# Hay back in the day.



## SeverinR (Mar 6, 2012)

We have talked about moving forces over long distance.

One important part of a horses diet is good clean hay or grass.  
I just found this:
http://www.localhistories.org/middle.html
Does this mean they just piled hay and no means to bale it? I have recently read of the Amish using a device to pile hay in a large stack, but does not mention how they move it, or keep it dry. I am sure people might have tied bundles of hay with rope, but how big and how stackable?

Wet hay means:
1.mold or fungus that will kill a horse 2. a potential fire hazard as heat builds up from decomposing wet hay under pressure.

So when traveling, time would have to be spent on grazing horses, as transporting edible hay would be very difficult.

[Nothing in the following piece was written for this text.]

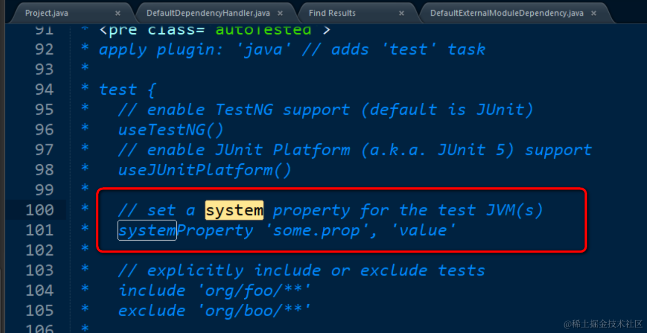 在这个类的注释里就能看到给测试jvm设置system property的语法:
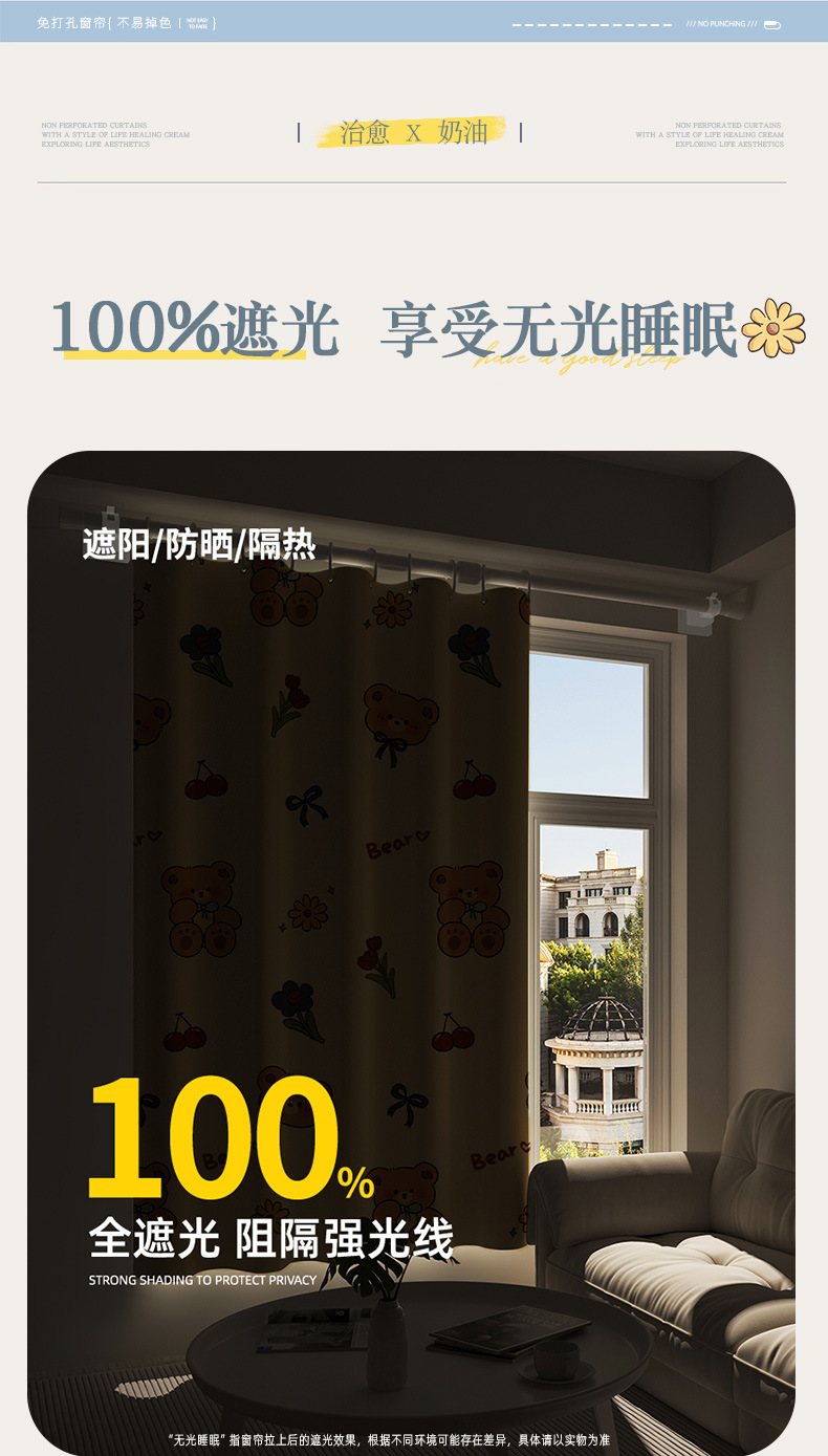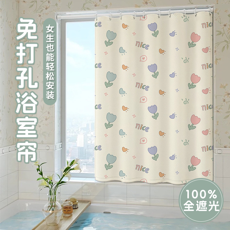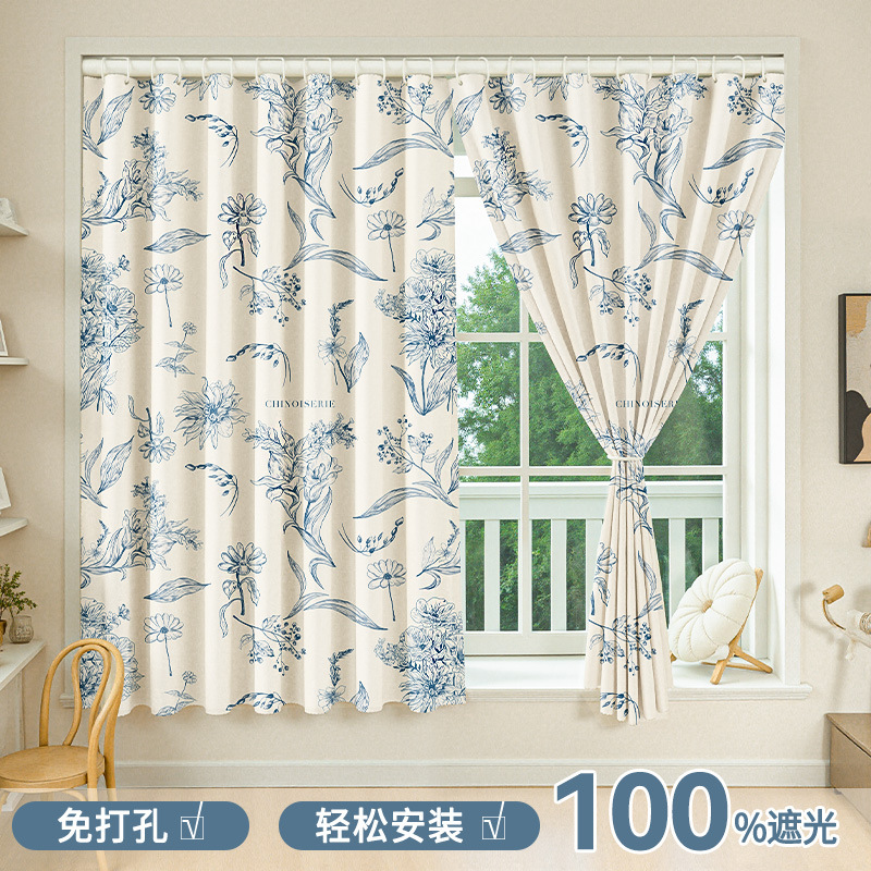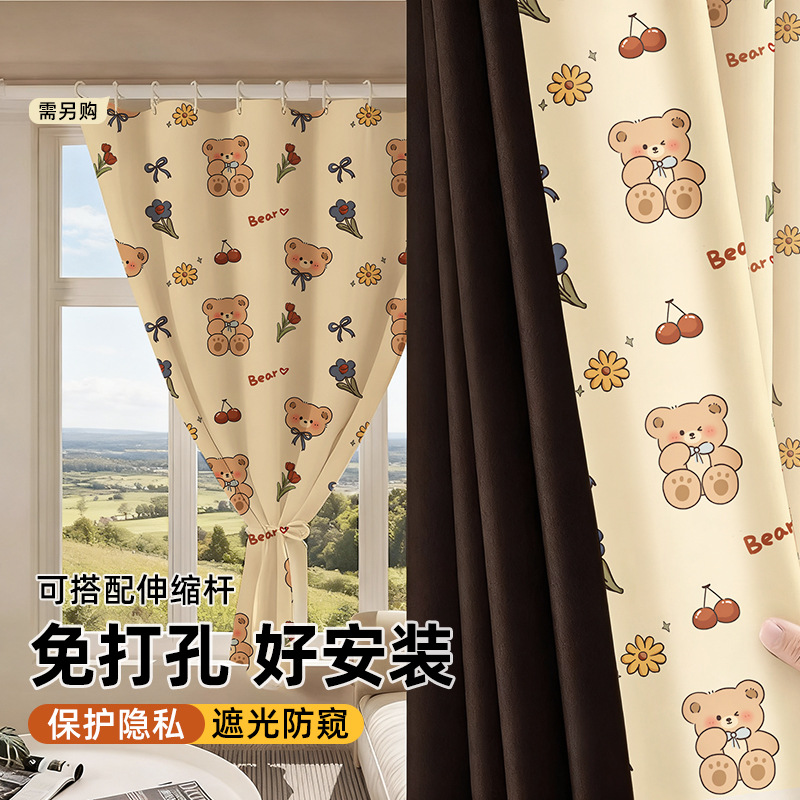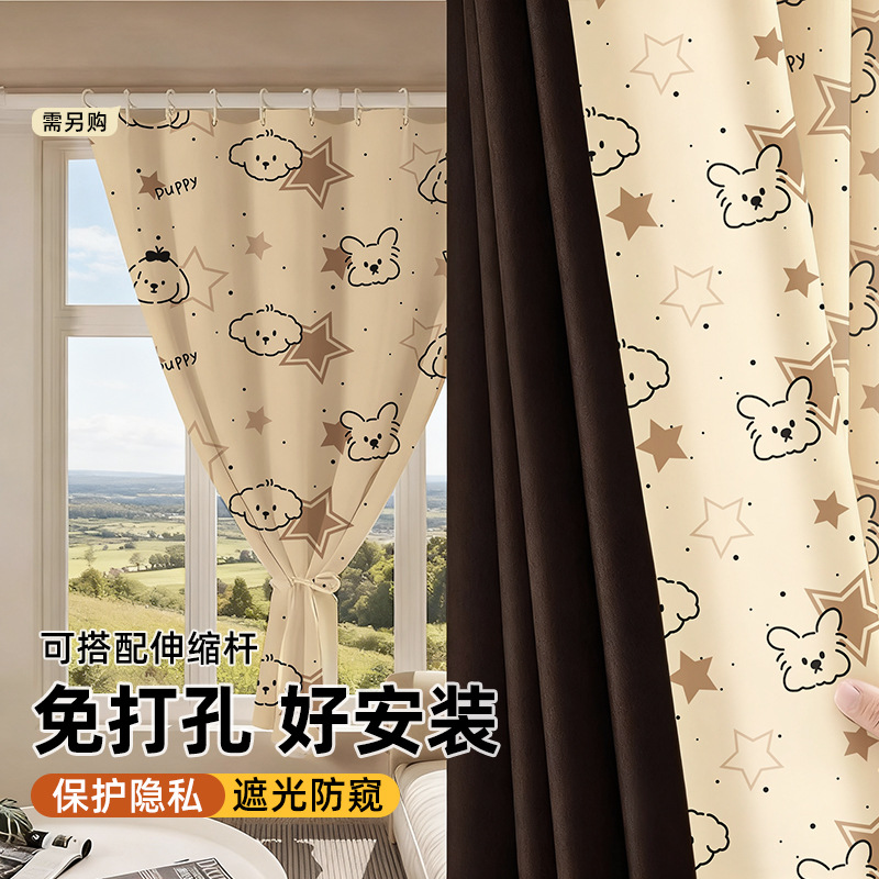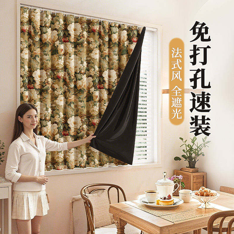 简易遮光窗帘免打孔安装小短窗户遮挡遮阳帘厨房浴室隔断帘包邮

Modern hay bales weigh between 40-100 pounds, which will last a single horse 3-4 days(2flakes/feeding 2 feedings a day with 14-16 flakes a bale.). Imagine how many modern hay bales it would take to feed a dozen horses for several weeks/months, and still carry the items needed to travel with on a wagon and still be pulled by animals.


----------



## JCFarnham (Mar 6, 2012)

Modern grazing animals to me tend to be more likely to nibble on fresh grown grass than touch the hay left for them (though they sure do get excited by it, if its not there they'll find something similar to have instead, or just go with out...). There is usually couple of horses on one of our field next door (not our animals mind), and while their owners _do_ put out some for them, only very rarely have I seen them picking at it. 

I'm not a expert let that be known.

Here are my own thoughts on a solution to this logistics problem. While you would surely want to carry as much specialised feed as you can for your horses, you would need to cut back for speed of movement. The surplus nutrients needed then would have to come from "found" or "borrowed" edibles in a nose bag, or the natural way (grass, weeds, fruit on low branches, etc.) or perhaps you could instead wear the horse down to uselessness and exchange it for a fresh one. "Don't spare the horses" comes to mind.

Surely someone will be able to find you some quantifiable knowledge soon but in the mean time I hope my own helps some or at least drawing your attention to issues on which you can later focus your research


----------



## SeverinR (Mar 6, 2012)

definately fresh is always better then cut, by the animals and by humans transporting them.

Hay would only be carried if they could not get fresh along the way. drought fields, desert and Frozen winter come to mind. 
The dangers of travel in desert or winter discouraged long travel, let alone carrying fiberous edibles.
Otherwise just camping near a field of grass would satisfy the horses, but they need time to graze, and still get sleep before the next morning ride.

Horses will grab a bite here and there on the road, but doesn't add much to the diet, because of the bit in their mouth, mostly a boredom chew.  Also a horse that stops to nibble slows the group down considerably.  So eating on the road was not possible for the horse.
Theoretically, if you hung a feeding bag to the back of a wagon, with a horse that didn't have to have a bit(yes, some horses can be ridden without a bit(hackmore or by leg pressure) the horse could eat while walking, probably not great for digestion but...
Horse without reins bareback
Bareback riding WITHOUT reins performed by Stacy Westfall - YouTube

this makes me miss my horse


----------